Besides, you have to figure the accused would have many excuses to press their plausible deniability. Were Bellinger and Judge relaying pitches...or were they just stretching? As long as nobody blabbed, the pitch-tipping narcs would be none the wiser.
Of course, what makes the Yankees vs. Blue Jays situation unique is that the offenders did 'fess up. "That's what was happening," was Bellinger's response when asked if he was signaling, thus driving home the final nail in the coffin of any notion of subtlety.
Even if relaying tipped pitches is nothing new, that someone would be this blatant about it does feel new. To hear it from A.J Pierzynski and Erik Kratz of Foul Territory, what the Yankees did used to come with the risk of a beaning:
"This is when baseball used to be able to police itself," Pierzynski said. "You would try to give signs, you had to be super quiet about it. Now it's like little league where the kids are like, 'Hey, over here and over here!'
"In the big leagues when you're grown men, you wanna stop it? Turn around and step off. Walk out there if you're Max Scherzer, and say to Aaron Judge, 'If you do it again, I'm gonna hit the guy hitting."

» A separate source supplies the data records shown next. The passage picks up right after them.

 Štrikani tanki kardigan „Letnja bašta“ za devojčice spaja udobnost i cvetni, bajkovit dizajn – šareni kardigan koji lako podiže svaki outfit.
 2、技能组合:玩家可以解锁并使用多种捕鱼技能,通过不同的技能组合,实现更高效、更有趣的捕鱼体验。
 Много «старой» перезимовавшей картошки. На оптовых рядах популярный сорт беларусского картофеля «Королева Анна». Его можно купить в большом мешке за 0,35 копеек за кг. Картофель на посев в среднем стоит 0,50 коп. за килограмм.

Indeed, knowing that you or a teammate could wear one for actions the pitcher didn't like used to be a real fear. And in the abstract, hitting a guy as payback for gaining an undue edge makes more sense than serving an HBP as payback for, say, a bat flip. The latter is merely a threat to a pitcher's pride, whereas the former is a threat to his livelihood.

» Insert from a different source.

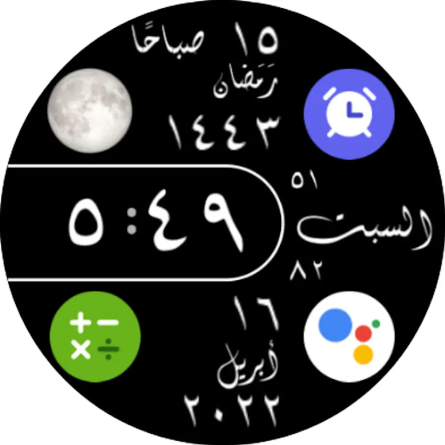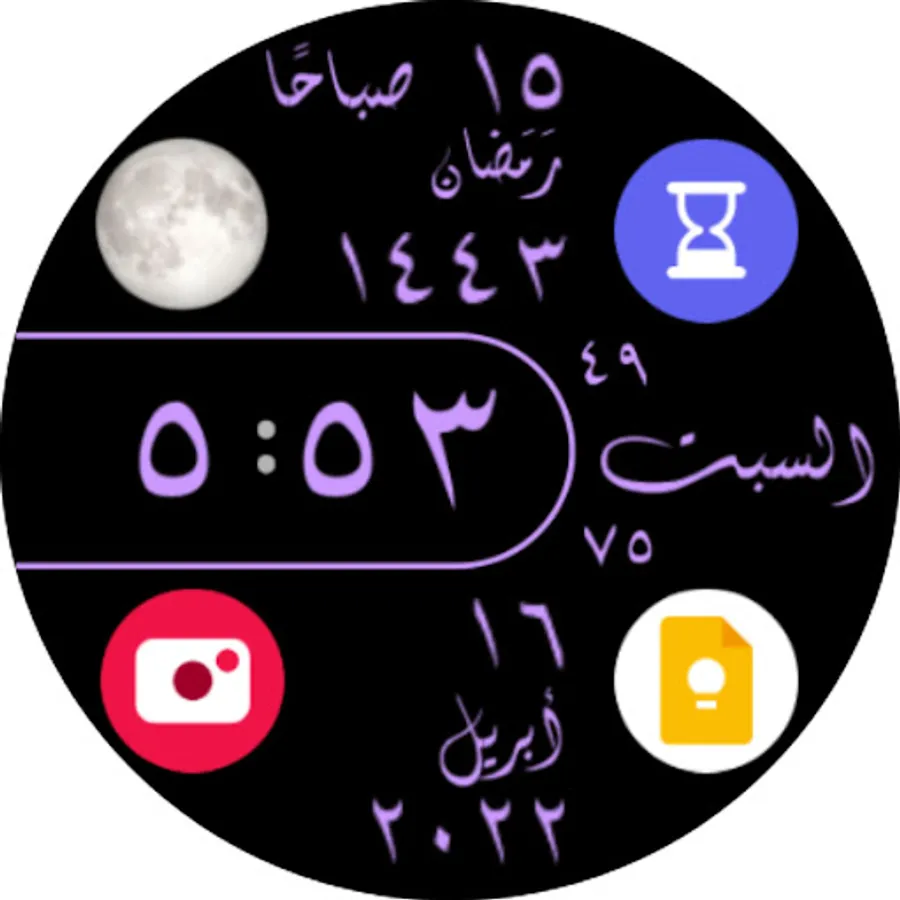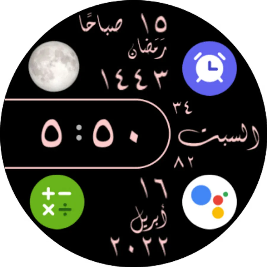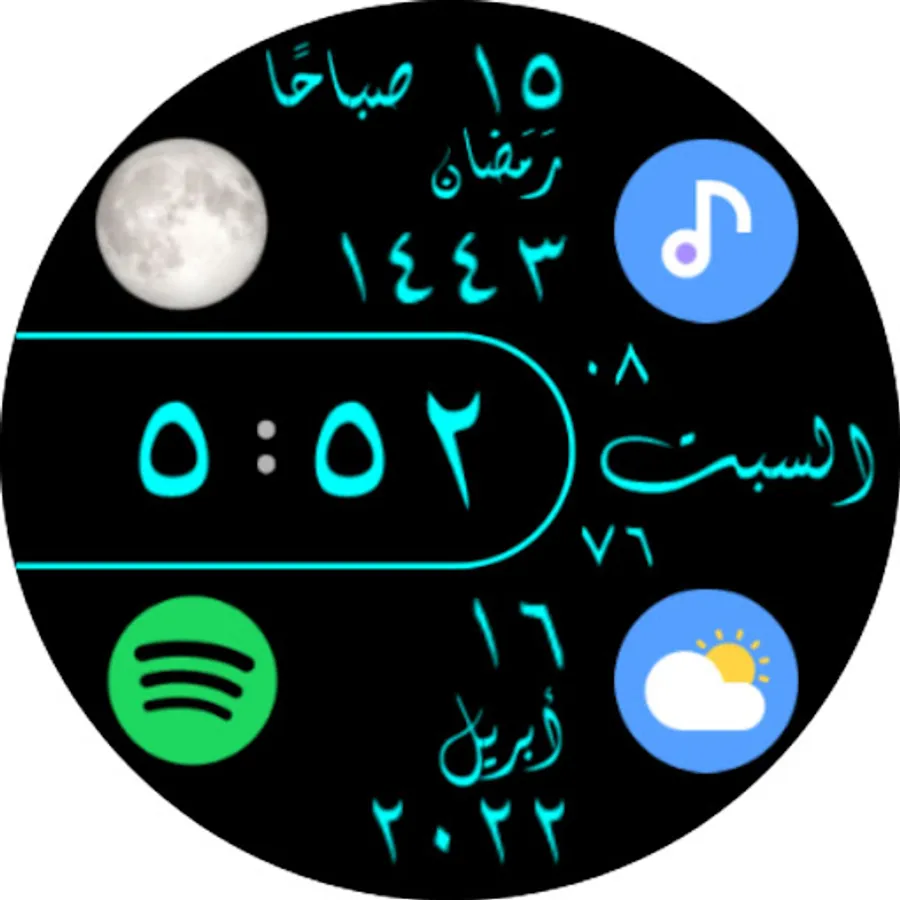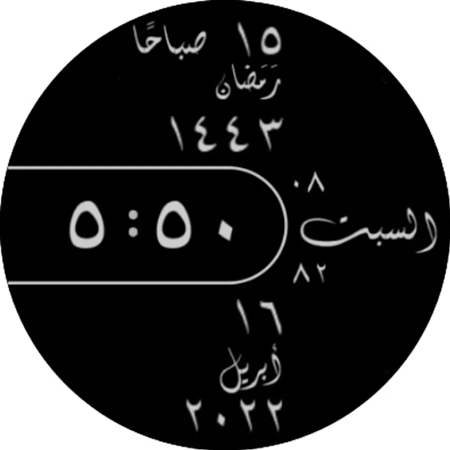 Diwany watch face is an Arabic watch face with Ummul Qura Hijri date and Gregorian date.

That said, "What baseball needs is more intentional hit-by-pitches" is a hard message to get behind.
There's too much injury risk at a time when almost everyone throws 95-plus mph. And these days, umpires have itchy trigger fingers with ejections if they suspect a drilling was intentional.
Instead, the path of least resistance and least harm is obvious: Pitchers just shouldn't tip their pitches.
This feels a bit like blaming the victim, but it all goes back to pitch tipping being like a tell. If a poker player has a tell and other players pick up on it, it's not their fault for noticing it. It's the fault of the player with the tell for having it.
Scherzer is a good example. After the Yankees picked up on his changeup on Sunday, it's not like he stopped throwing it. Of the 17 changeups he threw, 14 came after the first inning. In the end, none were hit into play and he allowed only one more run after the first inning.
This is a future Hall of Famer we're talking about, yet he still made the mistake of tipping in the first place. Him adjusting accordingly should not be seen as veteran wisdom in action. Just common sense.
This is obviously "easier said than done" advice, but pitchers frankly should know their habits better than opposing hitters do. And if they do find out they have entered into a rigged game, it shouldn't be that hard to unrig it.
Stats courtesy of Baseball Reference, FanGraphs and Baseball Savant.